Nomedeplume inaugura il suo lato del blog con la recensione di una delle autrici che più ama, la favolosa Amèlie!
Venne il momento in cui la sofferenza altrui non li sfamò più: ne pretesero lo spettacolo.
Se l'idea stessa di reality non vi sembra sufficientemente barbara, immaginate di sommare orrore a barbarie e avrete Concentramento, il campo di sterminio in versione televisiva. Televisione verità, naturalmente, dove i partecipanti sono reclutati con rastrellamenti, solerti kapò si impegnano per annullare ogni dignità fisica e morale e la prova della settimana è sopravvivere alla selezione per la camera a gas.
Solo l'adorabile perfidia di Amélie Nothomb poteva assumersi il compito di raccontare l'ultima frontiera della perversione del piccolo schermo e uscirne con un inno alla purezza.

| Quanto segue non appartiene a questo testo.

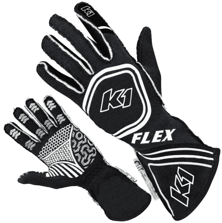 K1 RaceGear Youth Flex Nomex® Gloves Black/White. K1 takes on the heavy hitters of the racing gear industry with their Youth Flex race gloves. A combination of flame retardant, Black Nomex® with White accent colors. K1 Race Gear's Flex Gloves have all the high end materials and features, without the high end price tag. These gloves feel and form nicely around the hands, a comfortable snugness, but not too tight of a fit.

Solo lei poteva cogliervi un'altra occasione per dipingere un amore che divinizza il suo oggetto: quello della detestabile kapò Zedna per laprigioniera CZK 114, eroina che accoglie il proprio ruolo divino impersonando il bene assoluto che non può accettare il compromesso senza tradire la propria natura.
Non manca l'ironia, nel racconto della Nothombe, ma c'è spazio soprattutto per l'atto d'accusa verso il telespettatore, riconosciuto come l'autentico carnefice. Una bella frecciatina arriva anche per i mass media che dietro l'ipocrita alibi di condannare la crudeltà del programma necavalcano la popolarità e ne accrescono di continuo l'audience.
L'appuntamento annuale con la scrittrice belga non tradisce le aspettative regalando un racconto convincente su un tema ad alto rischio di retorica. Rischio che Amélie Nothomb affronta e supera con grazia, sorretta ancora una volta da una scrittura asciutta ed evocativa al tempo stesso.
27 March, 2006 at 9:22 am
Bellissimo…mi sa che lo leggo anche io…brava Nomedeplume in arte Adele…
12 December, 2006 at 8:04 pm
Bellissimo ed inquietante,come tutti i suoi romanzi.E’ giunto il momento,ritengo,di riconoscerle una straordinaria capacità di rappresentare le umane miserie con graffianti espressioni gocciolanti curaro.